大きく見ればA-B-Aによる経過句-C-Aによる経過句-A’-B’-Aによる経過句-C’-Aによる経過句-A’’-コーダとなっていてロンド形式と解釈できるが、更に細かく見ていくと複雑な構成になっている。
・冒頭
冒頭のダクティルス・リズム(長短短)による同音のモティーフ(シューベルトが好んだモティーフでもある)は一見新しい素材のようだが、実は第1楽章第2主題、第2楽章主部で既にリズム・モティーフとして登場している。
Bセクションでは、第16小節からの主題と、第40小節からの主題の2つが提示される。
・第12~17小節
・第38~42小節
第84小節からのCセクションに入ると、コラール風の楽想とその変奏が提示される。コラールには、第1楽章の2つのモティーフ、第4楽章のリズム・モティーフ全てが緊密に組み込まれている。C’セクションではコラールは現れず、変奏部分からの再現となるだけに、この一箇所は際立っている。

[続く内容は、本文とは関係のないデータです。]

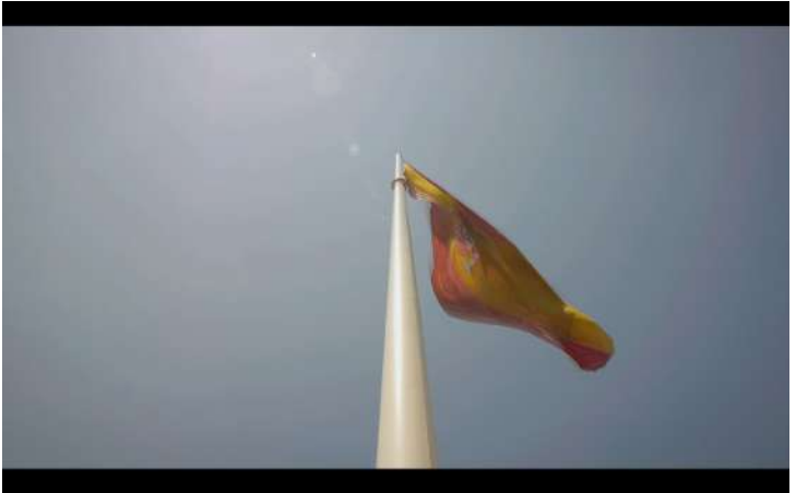
Fotograma del trabajo de J.C. Quindós en “Preferirá no hacerlo”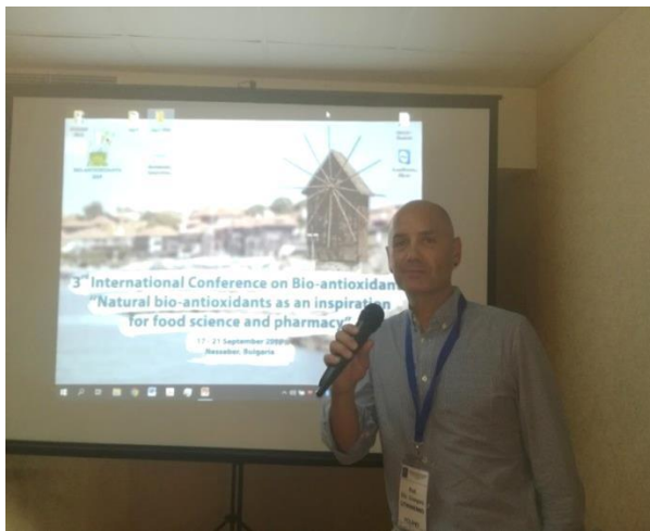
Проф. Литвиниенко от Университета във Варшава, Полша с Пленарна лекция за откриване на конференцията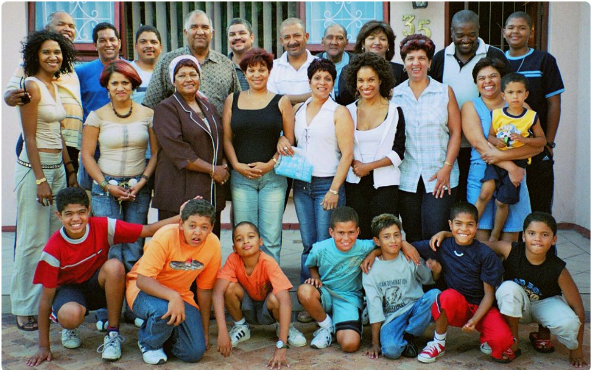
Eine Familie in Südafrika

Viele Merkmale des Körpers beruhen jedoch nicht nur auf einem einzelnen Gen/Enzym bzw. einer einzelnen Genwirkkette, sondern sind das Ergebnis des Zusammenwirkens einer ganzen Reihe von Genen/Enzymen und Genwirkketten, die gemeinsam zur Ausbildung eines bestimmten Phänotyps beitragen ( Polygenie ). So verhält es sich beispielsweise mit der konkreten Hautfarbe eines Menschen, allerdings ist bis heute noch nicht vollständig geklärt, wie viele Gene hier tatsächlich beteiligt sind. Man nimmt etwa vier Gene mit jeweils zwei Allelen an.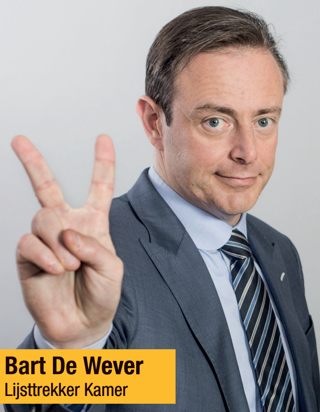
Bart De Wever Lijsttrekker Kamer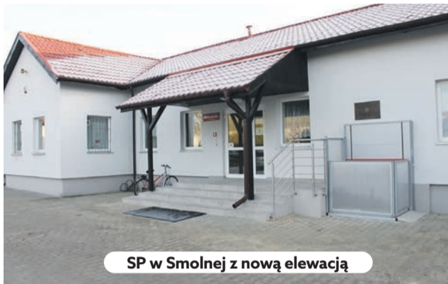
SP w Smolnej z nową elewacją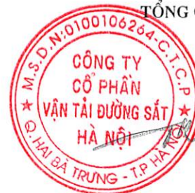
Trần Thế Hùng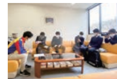
▲岱志高生の取材の様子

岱志高校の生徒が地域の魅力を発信するプロジェクトに取り組んでいるのをご存知ですか? 若者目線で「これいいな」「多くの人に伝えたい」と感じた荒尾関連の事柄を、生徒たちが15分のラジオ番組用に取材しています。私も現場に立ち会ったり、取材を受けたりしました。出来上がった番組は、コミュニティラジオ「FMたんと(79.3MHz)」で放送中(毎月第三木曜19時~)。市内の高校生は今どんなことに興味を持ち、どんな質問を大人にぶつけているのでしょうか。フレッシュな感性そのままの15分、一度聞いてみてください。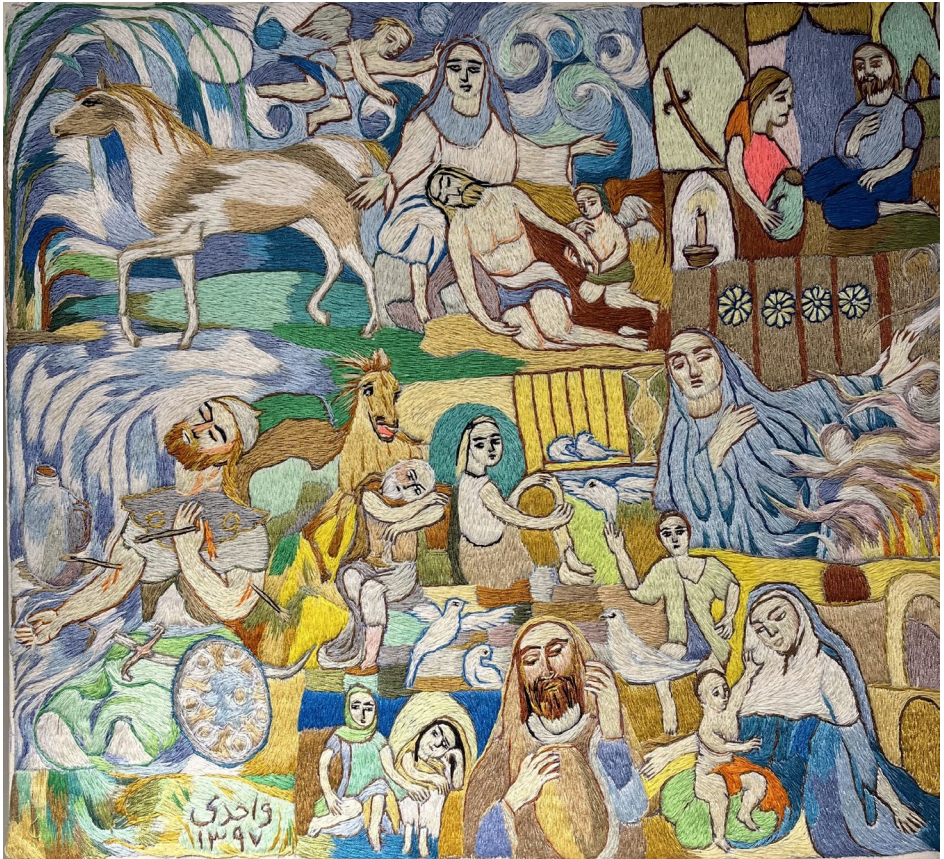
مجتبی واحدی عاشورا سوزن دوزی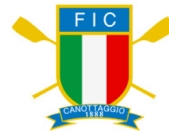
FEDERAZIONE ITALIANA CANOTTAGGIO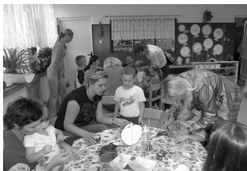
▲ Rukodělné odpoledne

„Na září na září těšili se sadaři...“ napadá mě při psaní tohoto článku. Na září jsem se opravdu těšila. Čekaly nás nové děti, noví rodiče a kde se s nimi nejlépe seznámit, než při výtvarné dílně? Děti si mohli vytvořit na třech stanovištích podzimní výzdobu svých pokojíčků. Za pomoci rodičů vytvářely svícný z dýně, veselé ovoce z papíru do oken a dráčka na zapíchnutí do květináče nebo dýně. Ráda jsem přihlížela, jak děti vydabávaly, vystřihovaly, nalepovaly, vybarvovaly a rodiče pomáhali. Myslím si, že jsme prožili příjemné odpoledne a těším se na další společná setkání. Jana Vlčková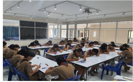
ห้องปฏิบัติการภาษาต่างประเทศธุรกิจ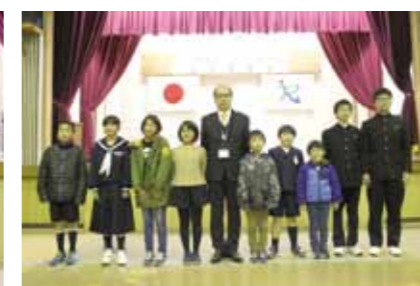
家族の作文の受賞者の皆さん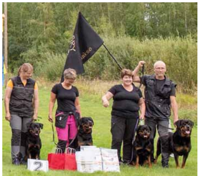
Alaostalon TOKO joukkue 2018 sijoittui toiseksi.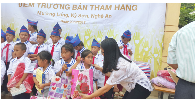
Đại diện Quỹ Vì Tâm Vóc Việt tặng quà cho các em.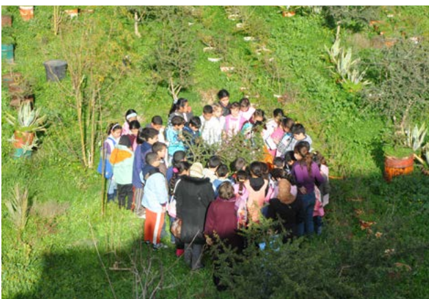
Des enfants autour d'un arganier, Centre de la Fondation Djanatu al-Arif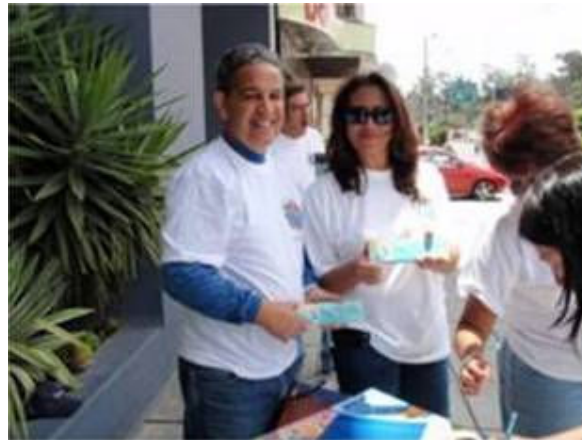
Mesa de información en el Edificio de NN.UU.

En las afueras del Edificio de Naciones Unidas también se puso una mesa de información y ahí se concentraron los funcionarios de la OPS/OMS, quienes también participaron del bicipaseo u caminaron, celebrando el Día Mundial de la Salud.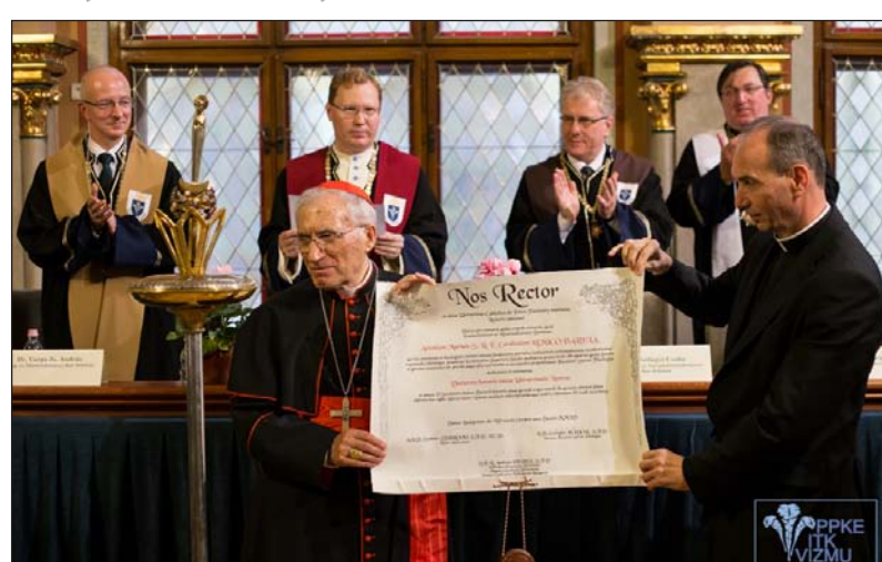
El cardenal Antonio María Rouco Varela, arzobispo emérito de Madrid y expresidente de la Conferencia Episcopal Española, ha sido investido doctor Honoris Causa por la Pázmány Péter Catholic University (PPKE) de Budapest, en Hungría.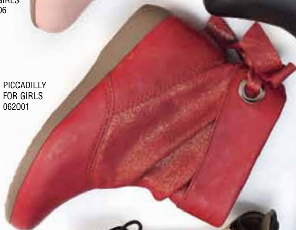
PICCADILLY FOR GIRLS 062001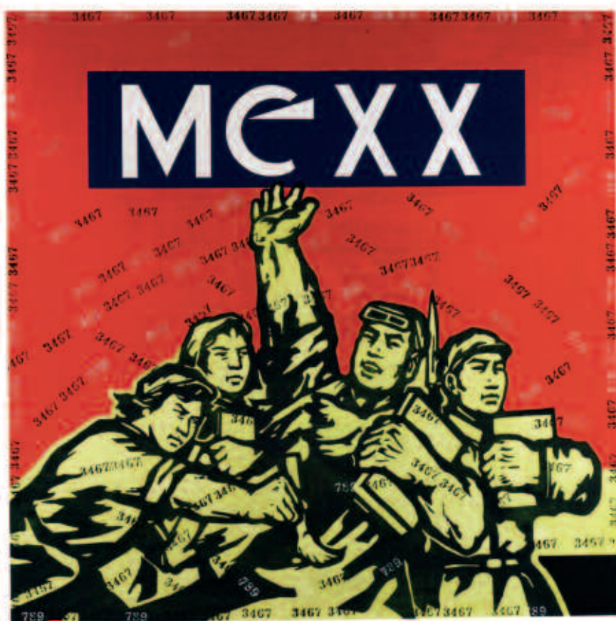
"Great criticism : Mexx", de Wang Guanyi. Sotheby's

E l año 2007 ha sido el mejor para el arte chino, celebrándose las diez subastas más exitosas hasta la fecha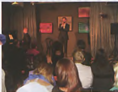
Recital "W ramionach mych"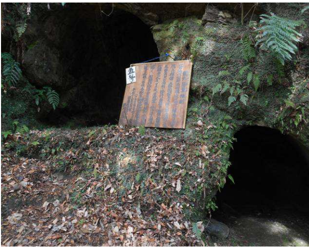
横穴は数個ありました奥行は約2m位で 人が一人で座禅をする場所見たいです。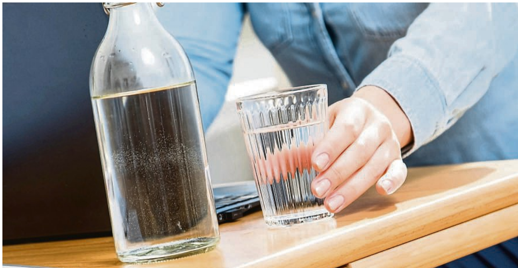
In Sachen Flüssigkeitsaufnahme ist es ratsam, auf das eigene Durstgefühl zu hören.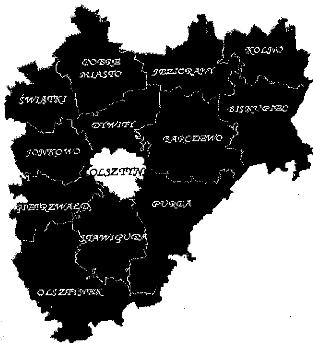
RYSunEK NR 1. Położenie Gminy Jonkowo na tle Powiatu Olsztyńskiego

Gmina Jonkowo położona jest w zachodniej części województwa warmińsko-mazurskiego, w powiecie olsztyńskim, około 15 km w kierunku północno-zachodnim od miasta Olsztyn – stolicy województwa. Gmina leży na uboczu od ważniejszych szlaków komunikacyjnych. Powiązana jest z sąsiednimi gminami i miastem Olsztyn drogami wojewódzkimi oraz linią kolejową relacji Olsztyn – Morąg. Gmina zalicza się do mniejszych w województwie i charakteryzuje się zwartym obszarem o kształcie zbliżonym do koła. Centrum administracyjno-usługowym jest wieś Jonkowo, siedziba władz gminnych.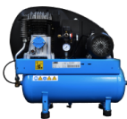
COM Compressore a bordo Compressore montato su carenatura posteriore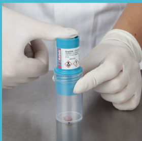
De formaldehyde wordt vrijgegeven met een druk op de dop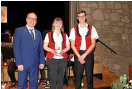
10-jähriges Jubiläum für Treue zum Verein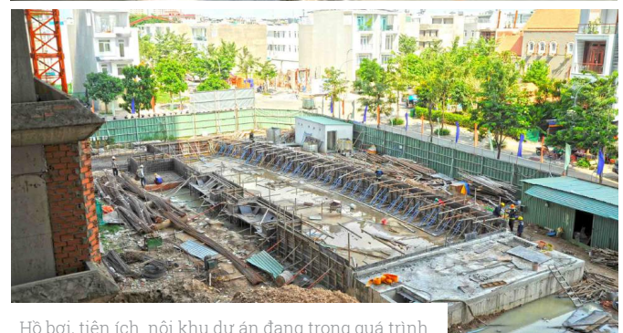
Hồ bơi, tiện ích nội khu dự án đang trong quá trình xây dựng.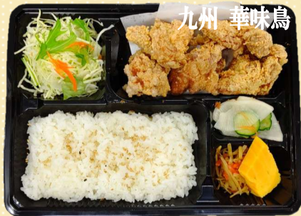
九州 華味鳥 水たき唐揚げ弁当 800円(税込) 水たき唐揚げ南蛮弁当 900円(税込)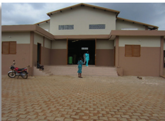
Ikpinlè dispose d'un entrepôt Gari de 1 000 tonnes

Ces infrastructures marchandes, qui ont été réalisées sous maîtrise d'ouvrage communale, ne jouent leur rôle (regroupement et stockage des produits, commercialisation collective) que si les dispositifs appropriés de gestion sont mis en place. Ces dispositifs impliquent la combinaison d'un ensemble de mesures : la mobilisation de l'offre ; le contrôle de la qualité ; le financement des opérations (préfinancement des achats auprès des producteurs, crédit warrantage) ; la mise en marché collective (gestion des stocks, contractualisation) et la gestion public-privé des infrastructures.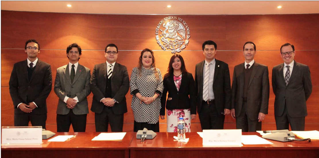
Egresados de la Especialidad en Justicia Administrativa, con autoridades jurisdiccionales y académicas del Tribunal Federal de Justicia Administrativa, en la ceremonia de protesta para recibir el grado académico de Maestros en Justicia Administrativa.

・第84~95小節(第94~95小節の右手のリズム・モティーフは逆行形)
第104小節から50小節に亘る展開がされた後、第154小節から上記コラールの変奏の主題が再登場する。この主題を使って更に展開は進められ、第176小節からのAセクションのモティーフによる属音ペダルへと向かうため、厳密には再現部とは言い難いのだが、Cセクション内があたかも提示-展開-再現の体を成しているように感じられる。
・第96~99小節
・第152~156小節
第192小節からは、これまでの流れが転調等の展開のディテールに変化が加えられて再現される。そして第367小節で冒頭主題が再現されると完全終止しないままコーダへと雪崩込み、fから一気呵成にfffへと到達して終結する。なお、最終小節にはpの指示が自筆譜にあり、pの記載されている版と記載されていない版があるが、fffのまま演奏されるのが一般的である。